The props of journalistic autonomy
While cultural performances are primarily situational enactments of meaning, they are staged in physical settings and draw from extra-situational resources. To bolster performance, journalists refer to material and normative manifestations of professionalism: they may evoke norms, laws or organizational policies that protect their autonomy. They also make sacrifices in their personal lives in order not to compromise their professional performances. These manifestations and omissions are props for acting professionally. In Alexander’s terms, they are the means of symbolic production of performance – ‘mundane material things that allow symbolic projections to be made … [and to] make vivid the invisible motives and morals they are trying to represent’ (2004: 532).

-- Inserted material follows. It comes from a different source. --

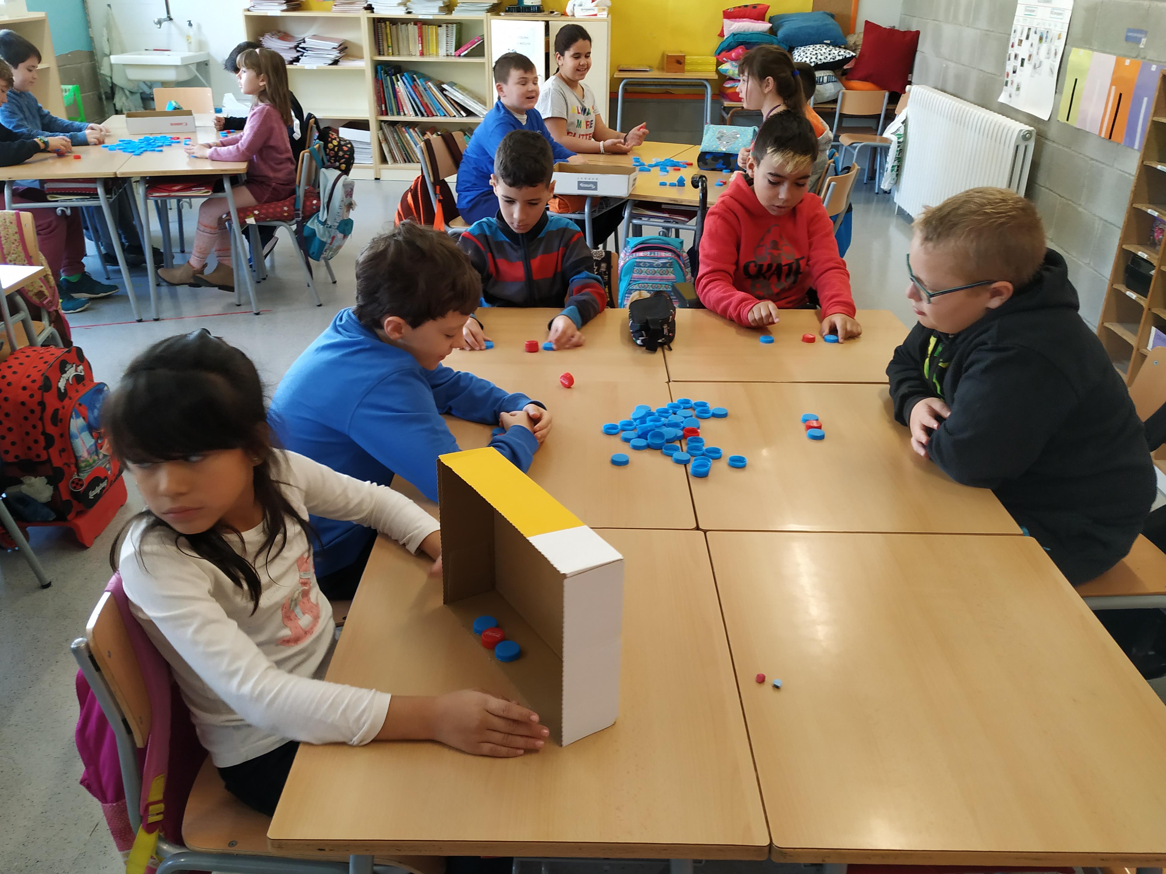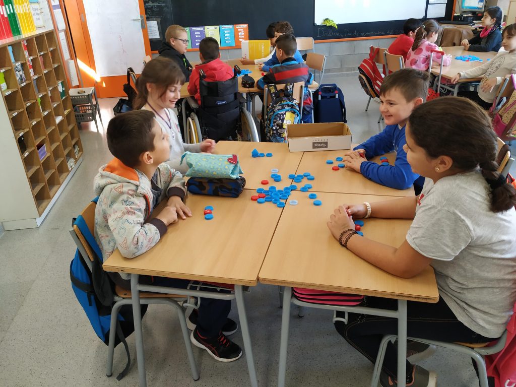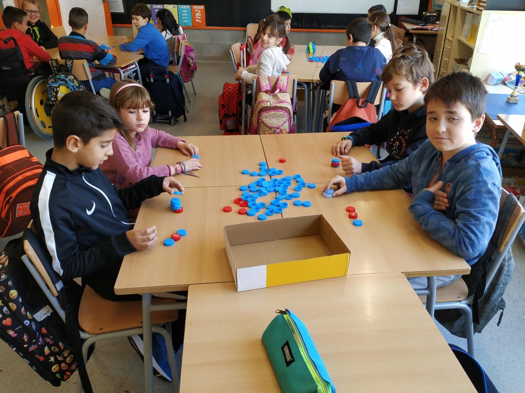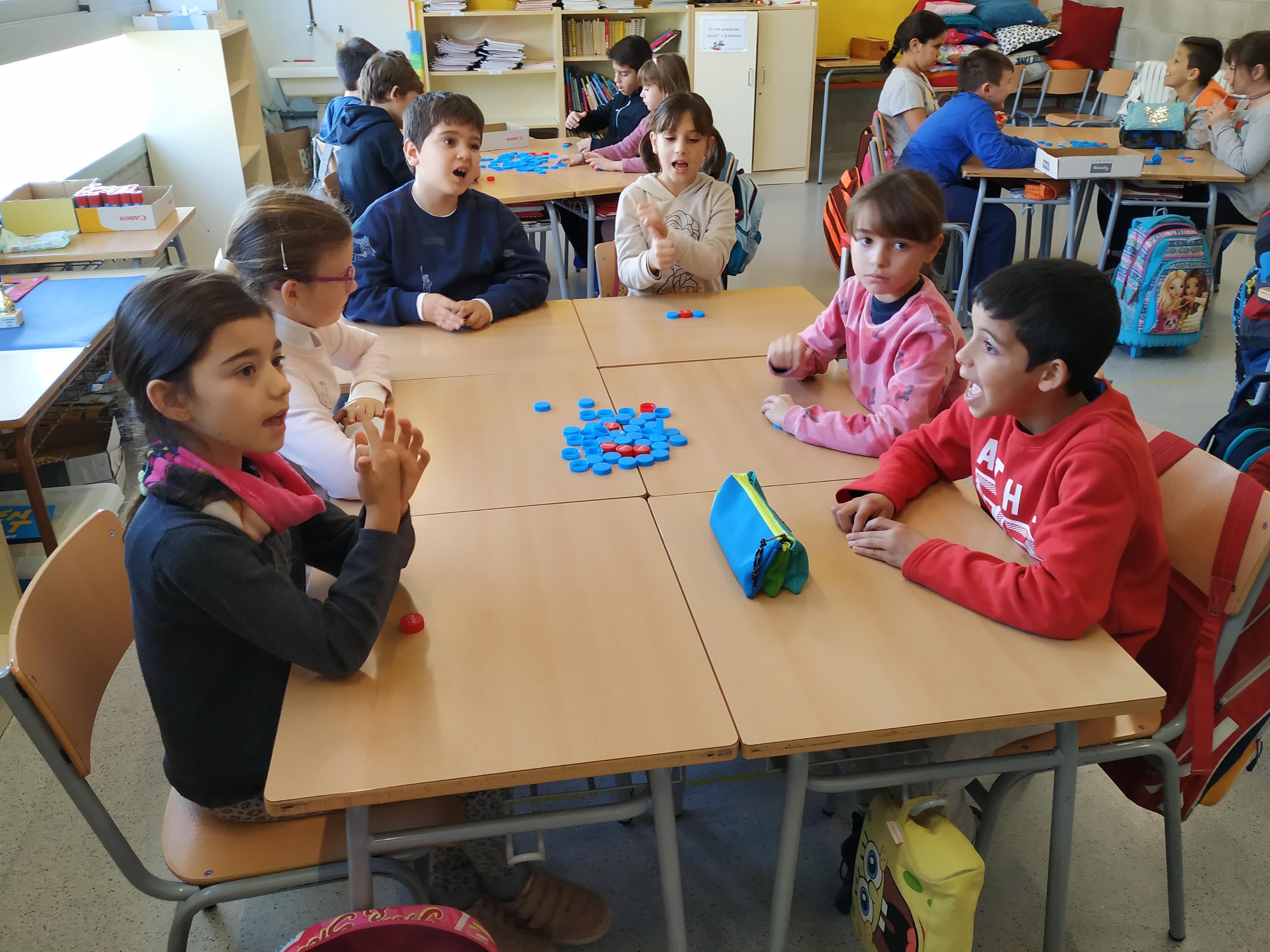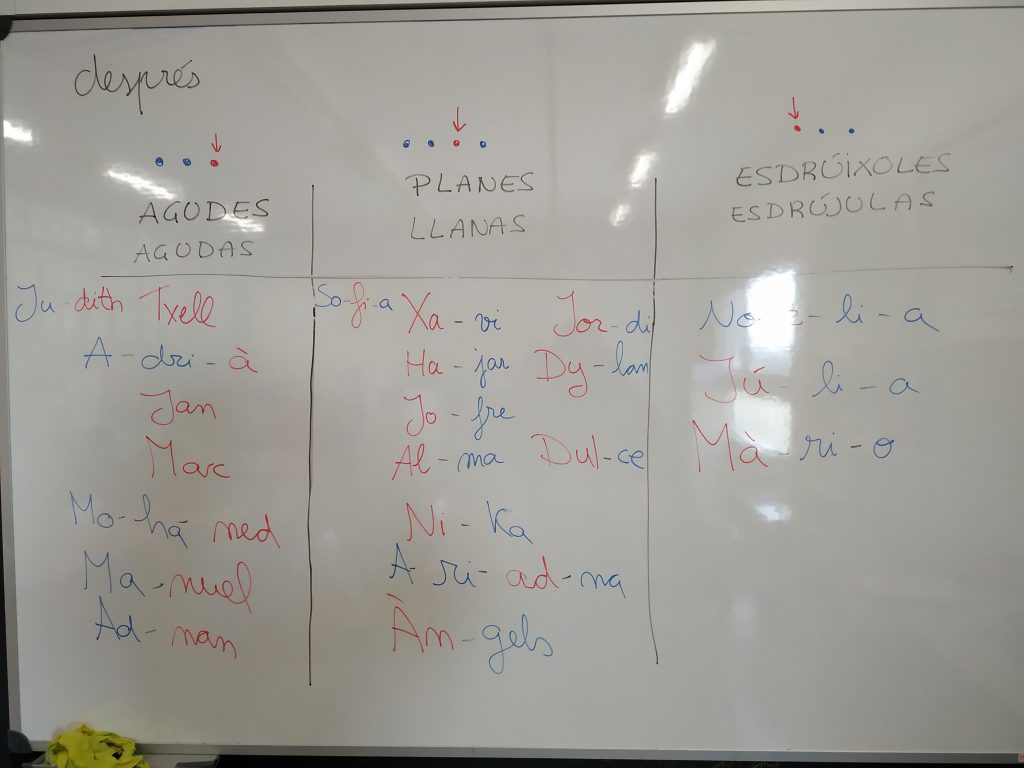 Els taps blaus representen les síl·labes àtones, i els taps vermells la síl·laba tònica. L’Àngels, la nostra mestra, ens diu una paraula i nosaltres piquem quants cops de veu té, i col·loquem els taps segons les síl·labes.
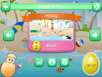 Eggy Vocabulary takes your child through 7 action-packed days of the week, with each day presenting a fun new destination to explore, including the Zoo, Museum, Mountains, School, Beach, Toy Shop and Playground.

The metaphor the wall is a common manifestation of a professional norm. It signifies the separation between opinion and news in editorial and personnel terms.
2
Even though analysis and commentary expands and diversifies in US media and increasingly diffuses into news sections (Jacobs and Townsley, 2011), opinion, advocacy and partiality are consensually taboo among LCA reporters. Several bureau chiefs and state editors, however, write columns in addition to factual news. They argue that what their columns offer is analysis or insider knowledge rather than opinion, while differentiating them from their news reporting duties: I’m usually looking for a comic conceit to put on the week’s news. But that frequently involves criticism of politicians that I am going to be covering at some point on a very straight-ahead basis … I try to make sure that, whatever the argument that I’m making in the column, that it’s completely bulletproof. That, even when it’s comic and cutting, that it is a fair critique; that it is a critique that no one would argue with. (Interview, 11 May 2010)

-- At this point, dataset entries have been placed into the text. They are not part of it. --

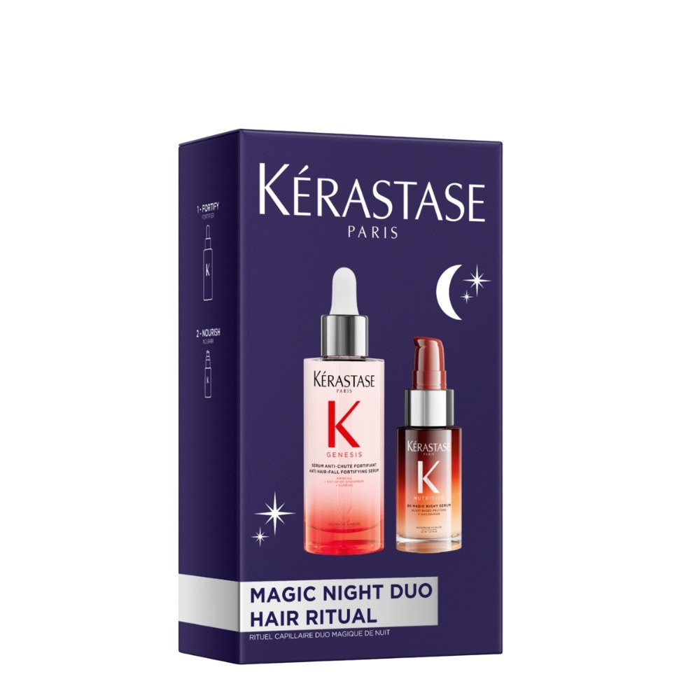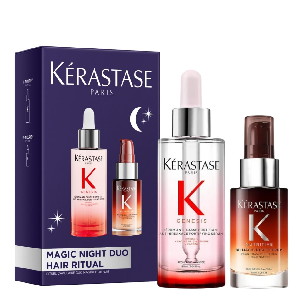 La chute de cheveux et la sécheresse des pointes ne sont plus une fatalité. Avec le duo magique de nuit "Magic Night Duo" de Kérastase, bénéficiez d'une cure intensive de huit heures. En associant la puissance anti-chute du sérum Genesis à la richesse nutritive du sérum de nuit 8h Nutritive, ce rituel agit sur tous les fronts : il renforce la fibre à la racine tout en infusant une hydratation profonde dans les longueurs. Réveillez-vous avec des cheveux plus résistants, prêts à affronter la journée avec éclat.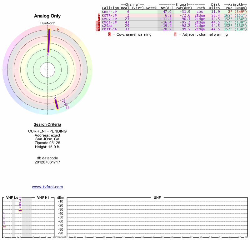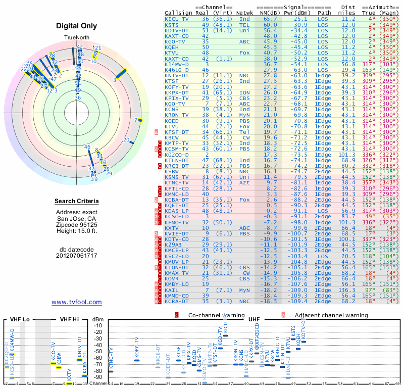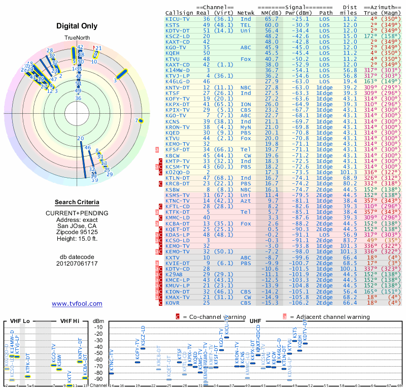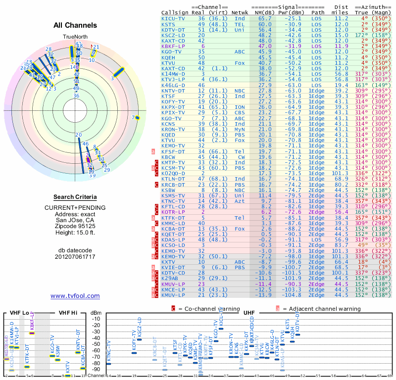 Here are the results for your location. The transmitter database was last updated on June 7, 2013. For more information about these plots and how to interpret them, please check out the Signal Analysis FAQ.
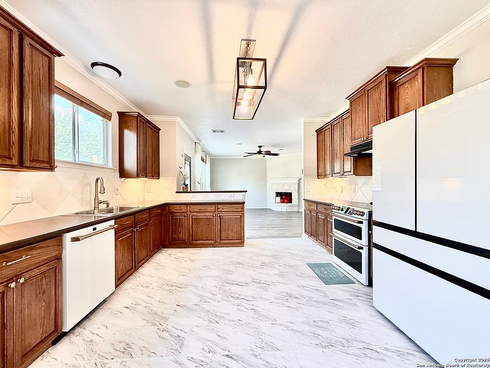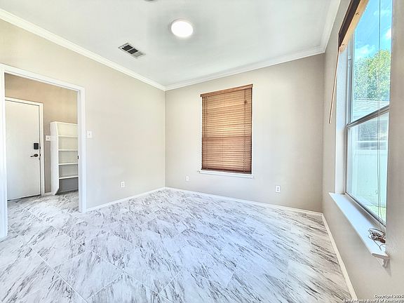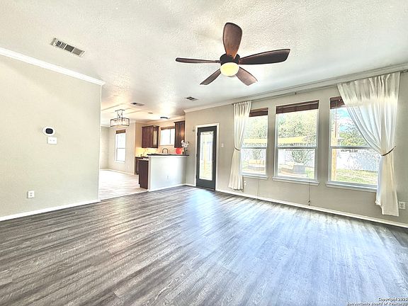 Welcome to 120 Brook Meadows a spacious and well maintained 3-bedroom, 2.5-bath home with an office / flexible floor plan, located in the desirable Charleston Parke community. Now at an improved price of $319,000. this home blends style, space, and value in one inviting package. Inside, you'll find: 2,474 Sq ft of living space, ideal for all families or all remote professionals A dedicated front office or flex space for working from home or creative use. A stunning stone fireplace and chimney that creates a warm, architectural focal point in the main living area. Open concept kitchen with 42" cabinetry, breakfast bar, and plenty of pantry storage. Tile flooring and crown molding throughout the main level for a polished finish. Spacious primary suite with walk-in closet and dual vanities in the ensuite bath Step outside and enjoy a backyard designed for comfort and connection: Mature crape myrtle trees provide color, privacy, and shade Covered patio with outdoor furniture and sail shade, perfect for relaxing or entertaining year round. Fully fenced and spacious ideal for pets, gardening, or play. Located on a quiet cul-de-sac in an established community with convenient access to IH-35, Randolph AFB, schools, parks, and shopping, this home delivers comfort and livability both inside and out.

Representing newspapers that publicize editorial positions and endorsements represents weak spots in reporters’ performance of impartiality, however. As one of them said, ‘if people like your editorial [or] if they don’t, you’re always answering for that, even though you don’t write them’ (Interview, 10 February 2011). It makes them vulnerable, which is why reporters invoke ‘the wall’ or variations of it when interacting with sources in order to distinguish themselves from their opinion-writing colleagues. A senior reporter, who does not even participate in reporter roundtable discussions on TV because he thinks this is already too close to expressing opinions (if only by rolling eyes), says: I don’t even read my newspaper’s editorials, because I don’t want to know what they think. I really want that sort of firewall up. I’ll have people come here and [say] ‘your fucking paper’s editorial said that …’ [My answer always is] ‘uhm, that’s not me. That’s a whole other department.’ (Interview, 17 May 2010)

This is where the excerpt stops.